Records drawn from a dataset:
--------------------

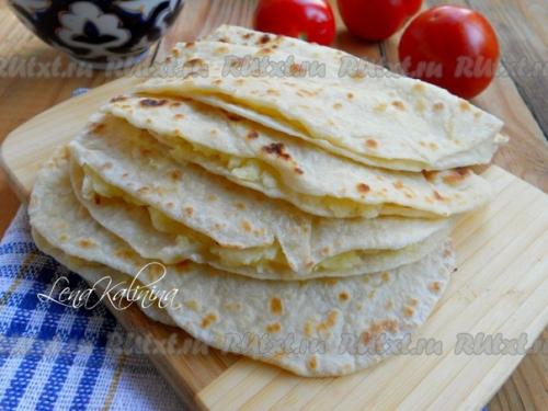 Каждый шарик раскатать в тонкую лепешку, наколоть вилкой и обжарить на сухой сковороде с двух сторон до появления небольших темных пятнышек. Жарятся лепешки быстро, огонь - средний.
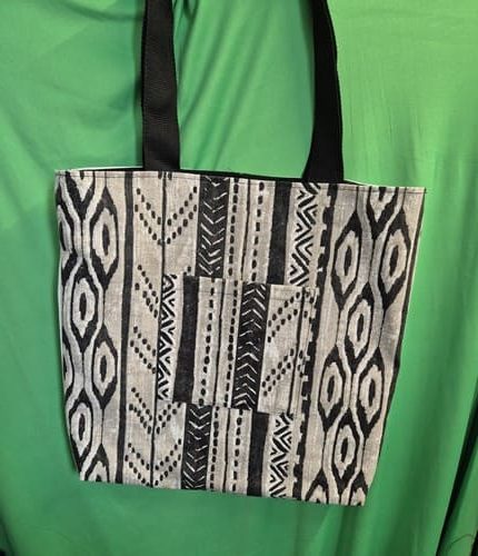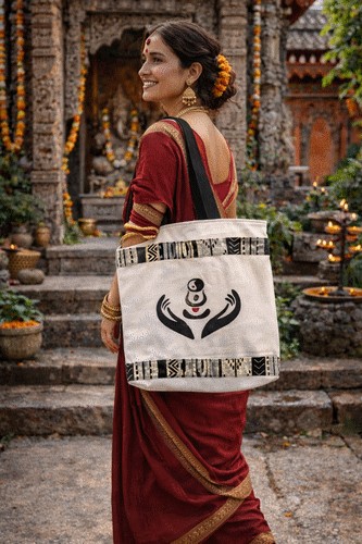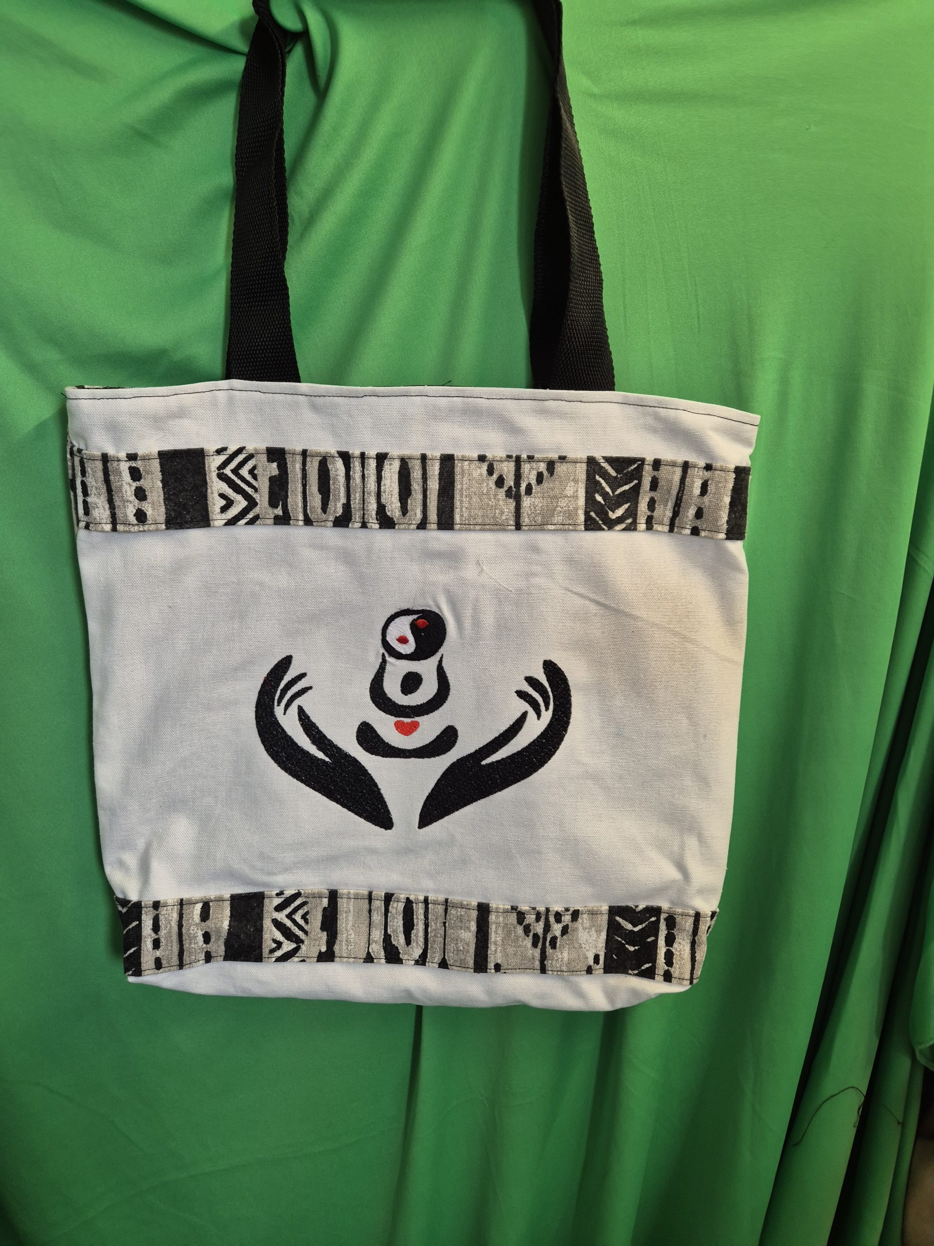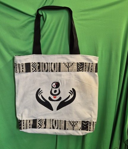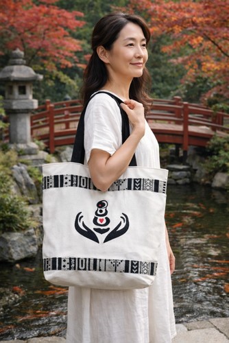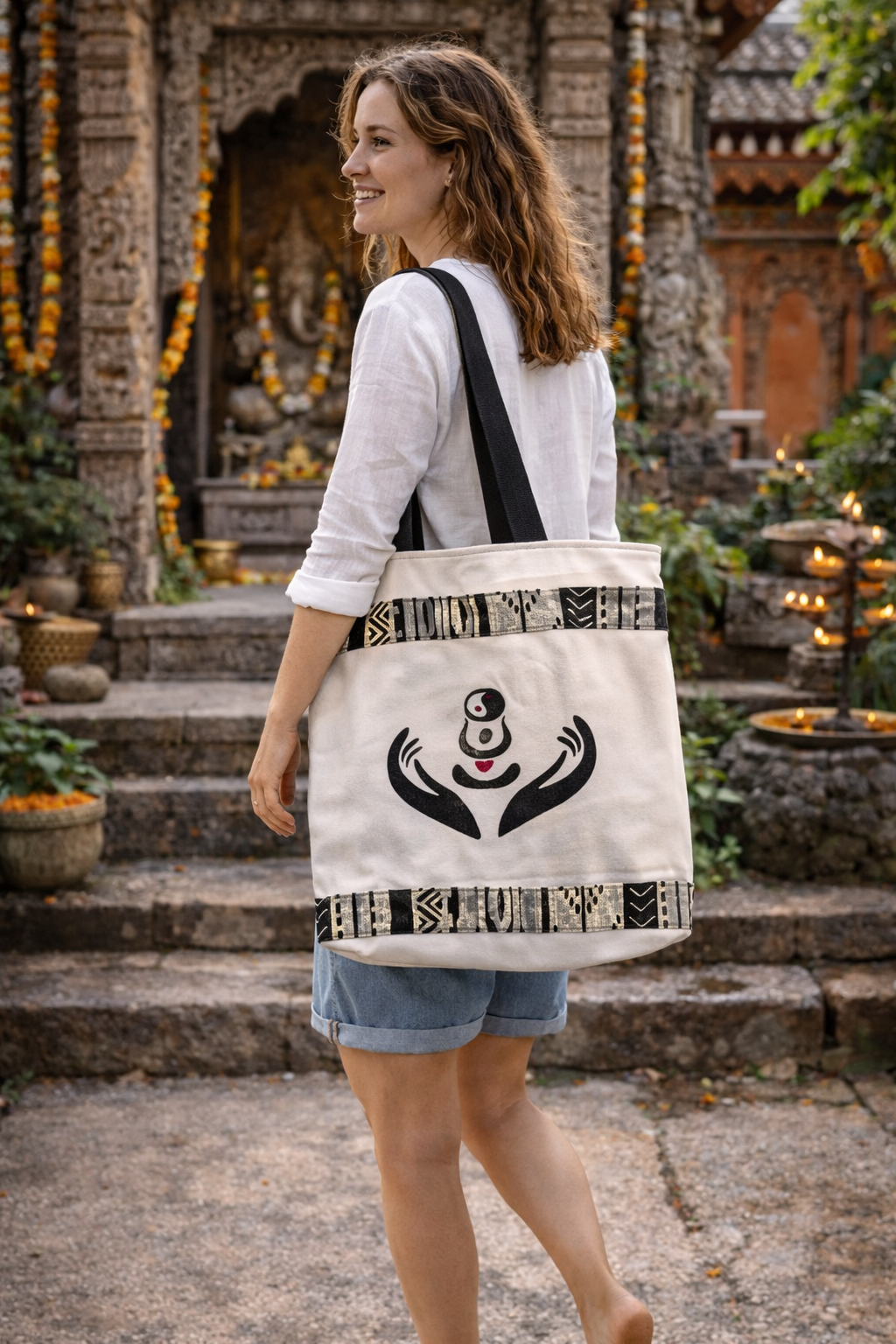 L’esthétique est une leçon de minimalisme spirituel : sur un tissu blanc immaculé, évocation de la vacuité et de la lumière, une broderie noire intense dessine le geste sacré entourant le cercle de l’unité. L’alliance avec les bandes de patchwork aux motifs géométriques noirs et ocres évoque la structure des temples et la rigueur de la pensée bouddhiste, créant un équilibre visuel à la fois puissant et apaisant.
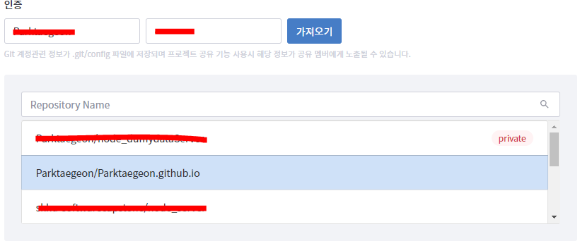 - Github의 id와 비밀번호를 치면 나오는 창입니다. 이 중 자기가 미리 만들어둔 Repository를 선택합니다.
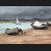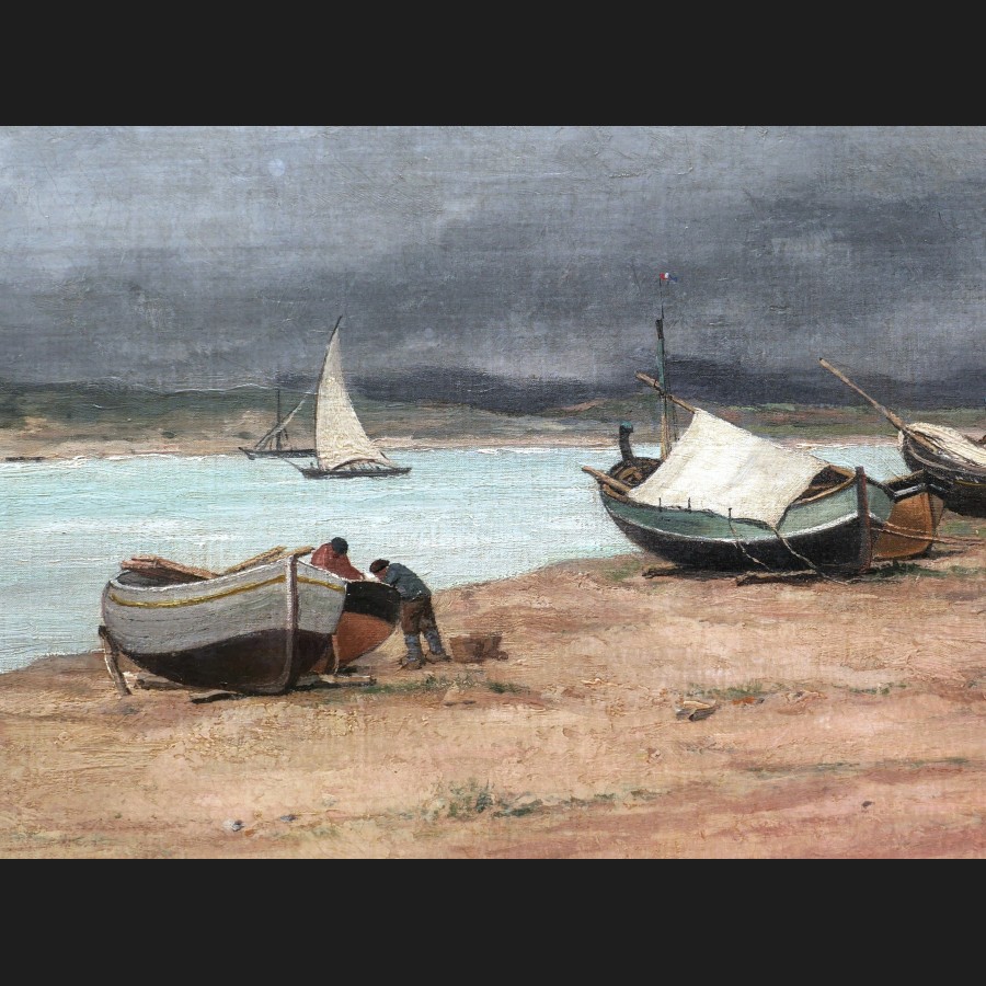 Paysage animé en Catalogne au bord d'une embouchure de rivière, des marins s'affairant autour des barques
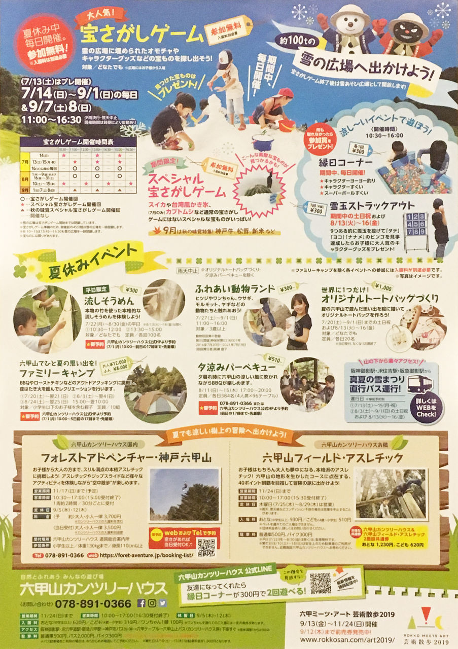 さらに、六甲山カンツリーハウスでは、2019年春にオープンしたばかりのフォレストアドベンチャー(https://fa-koberokkosan.foret-aventure.jp/)や、フィールドアスレチック(https://www.rokkosan.com/athletic/)などもあり遊び場が満載。8/24土 には、Kiss FM KOBE Day(https://www.rokkosan.com/country/event/cat_event/3927/)等、その他イベント企画が設定されている日もあり、楽しみが盛りだくさん。平日限定の「流しそうめん」や、雪の広場に埋められた ”宝もの” を探し出す「宝さがしゲーム」などなど。
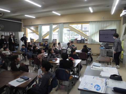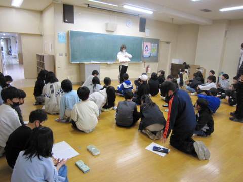 5,6時間目は、6年生がお箏の体験を行いました。初めて触れる箏に始めはドキドキしていましたが、楽器に慣れるにつれ、音色を楽しみながら演奏を味わっていました。また、今回は「未来(みら)くる先生ふれ愛推進事業」の一環で、キャリア教育を支援する取り組みとして、先生から自身の将来の夢に辿り着くまでの道のりや努力を伺い、将来のイメージを膨らませることができました。
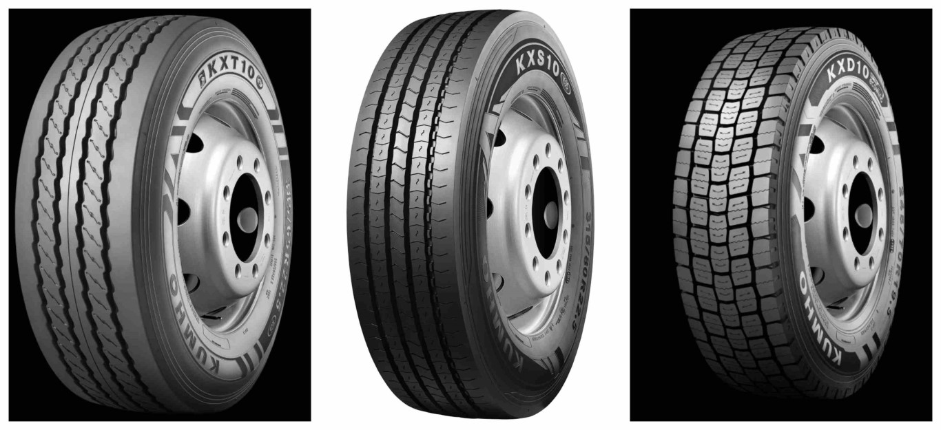 Το Kumho KXT10 που παρουσιάστηκε σε διάσταση 385/65 R22.5, είναι σχεδιασμένο για χρήση σε τρέιλερ φορτηγών περιφερειακών και μεγάλων αποστάσεων. Το X στην ονομασία αναφέρεται στην ευελιξία αυτού του ελαστικού πολλαπλών επιδόσεων, το οποίο προσφέρει εξαιρετική αντοχή στη φθορά και μέγιστη πρόσφυση. Στο προφίλ του φέρει το σύμβολο της χιονονιφάδας (3PMSF) και σήμανση M+S, επομένως είναι εξίσου κατάλληλο για χειμερινές και θερινές συνθήκες. Το Kumho KCA03 είναι ένα προϊόν για πολλαπλούς άξονες ειδικά σχεδιασμένο για χρήση σε λεωφορεία πόλης και παρουσιάστηκε σε κλασική διάσταση 275/70 R22.5.
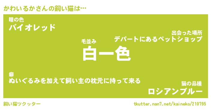 | ファンタジー風あだ名 | 『カワフェル』『エターナルカワイルカー』 |
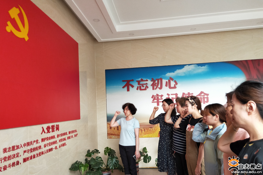 [本站讯]为更好地带领党员回顾党的历史,缅怀革命先烈,进一步提升党员的责任感、使命感,坚定理想信念、强化政治意识,不忘初心,推进主题教育往深里学、往心里走,6月20日,山东大学幼教服务中心总支第三党支部开展“参观党史馆、重温红色情”主题党日活动,组织全体党员、入党积极分子、团员青年集体参观中国共产党山东省党史陈列馆,重温入党誓词,进行党性教育。
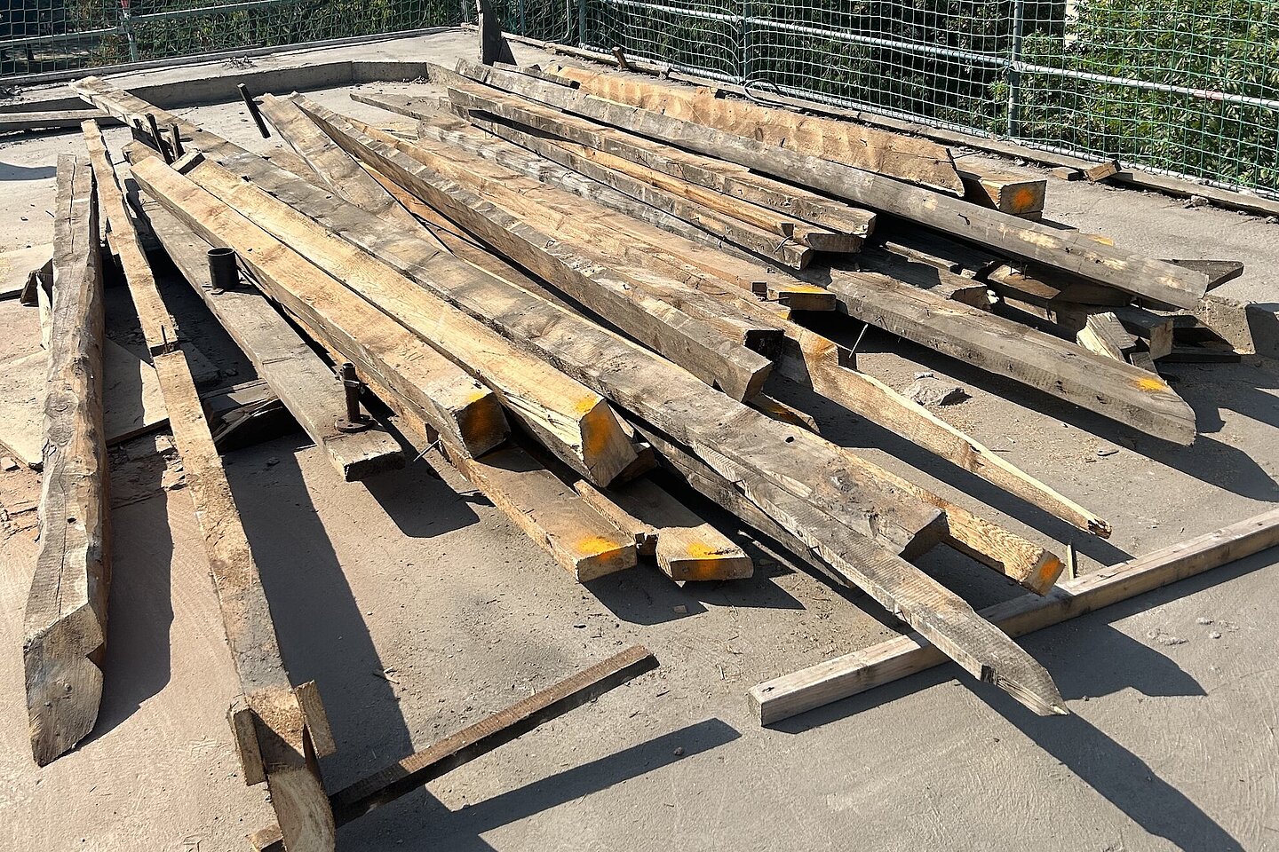 Altholzbalken eines Dachstuhl-Rückbaus © FLEX@HTWK Leipzig, Luisa Sander

--------------------

# [WHAT IS BEING ASKED]
Leave out the pictures and repeat exactly the lines from the one containing "[本站讯]为更好地带领党员回" through the last line of the entries.

# [RESULT OF THE TASK]
 [本站讯]为更好地带领党员回顾党的历史,缅怀革命先烈,进一步提升党员的责任感、使命感,坚定理想信念、强化政治意识,不忘初心,推进主题教育往深里学、往心里走,6月20日,山东大学幼教服务中心总支第三党支部开展“参观党史馆、重温红色情”主题党日活动,组织全体党员、入党积极分子、团员青年集体参观中国共产党山东省党史陈列馆,重温入党誓词,进行党性教育。
 Altholzbalken eines Dachstuhl-Rückbaus © FLEX@HTWK Leipzig, Luisa Sander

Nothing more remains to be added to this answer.